Monte Cornizzolo (Insubric Curnisciöö) is a mountain situated between the province of Como and the province of Lecco, Lombardy, northern Italy, particularly in the territory of the village of Canzo.

The peak reaches 1,241 metres in altitude. It houses the Maria Consigliere hut, open every Sunday throughout the year, at 1,100 metres above sea level. Mount Cornizzolo is well known amongst hang gliding and paragliding fans, because it has got a launch camp available almost all year.

An element of historical interest is the Abbey of San Pietro al Monte, an 11th-century building which is located in a little valley on the mountain.

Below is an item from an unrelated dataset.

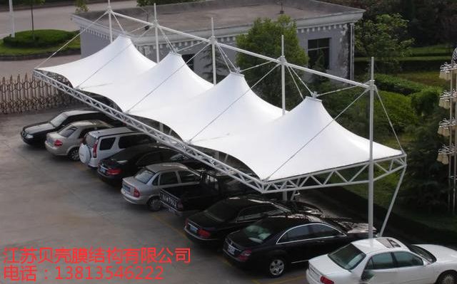 (3)為改善其性能,可在膜結(jié)構(gòu)車棚表面涂一層聚四氟乙烯涂層,提高其抗老化和自潔能力,其壽命可達到15年左右。
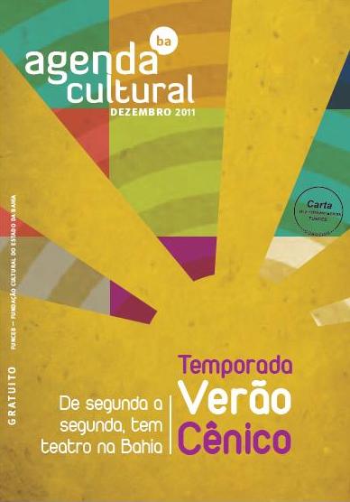 O verão está chegando e a última Agenda Cultural do ano destaca a Temporada Verão Cênico, uma iniciativa de difusão do Teatro da Bahia que realiza vasta programação de espetáculos, teatro de rua e teatro amador em diversas cidades do estado. Também na área de teatro, vale conferir Outra Tempestade, 17ª montagem do Núcleo de Teatro do Teatro Castro Alves, na Sala do Coro do TCA. Em Jequié, o III Festival de Teatro do Sudoeste Baiano promove a produção teatral do interior baiano. Outros grandes eventos têm destaque nesta edição: o XI Mercado Cultural explora o tema “A Cada Passo”, revelando investir no desenvolvimento cultural. O XVII Festival de Música Instrumental da Bahia acontece no Teatro Vila Velha. O Museu de Arte Moderna da Bahia (MAM-BA) inaugura três novas exposições, dos artistas Almandrade, Sonja Alhaüser e Rubem Valentim. A Universidade Federal do Recôncavo da Bahia (UFRB) sedia o II CachoeiraDoc – Festival de Documentários de Cachoeira. OQuarta que Dança 2011 chega às suas duas últimas semanas de apresentações. Na seção Manifestações da Cultural Popular, conheça a Marujada de Curaçá. Em Mestres da Cultura, o educador Nelson Pretto e sua contribuição para a inclusão sociodigital. Nas páginas de Intervalo, o tema é “Virada” e reforça nossos desejos de que 2012 seja um ano feliz para a Bahia. Boas Festas! O PDF da Agenda Cultural Bahia de dezembro de 2011 está aqui. Acesse e divirta-se! Acompanhe o site www.agendacultural.ba.gov.br, que disponibiliza ainda mais alternativas culturais da Bahia, com diversas opções de busca para que você encontre o que procura.

It's a holy mountain, seat of Pre-Celtic (e.g. the Coppelle: cult of Water), Celtic (e.g. the Cepp da l'Angua: cult of Anguana), Roman (e.g. the Fons Sacer: cult of Mars) and Christian worships. There are, at the foot of the mountain: the Shrine of Saint Miro, the Chapel of Saint Michael at Lazzaretto, the Chapel of Our Lady of the Seven Sorrows, La Santa, the Church of Saint Francis, the Church of the Saints Vitus and Modest, the Monastery of Saint Calocero, the Church of Saint Nazarus, the Church of Saint Andrew at Isella, the Pilgrims' House, the Church of Saint Steven, the Chapel of Our Lady of Caravaggio, the Monastery of Barnabite Fathers, the Church of Saint Lorence, the Shrine of Our Lady of the Snow, the Church of the Holy Spirit, the Church of Saint Antony, the Church of Saint Martin, the Church of Saint Thomas, and many other religious buildings.

The company Holcim is going to add another quarry, next to the Abbey, destroying the 500 "casotte" traditional construction.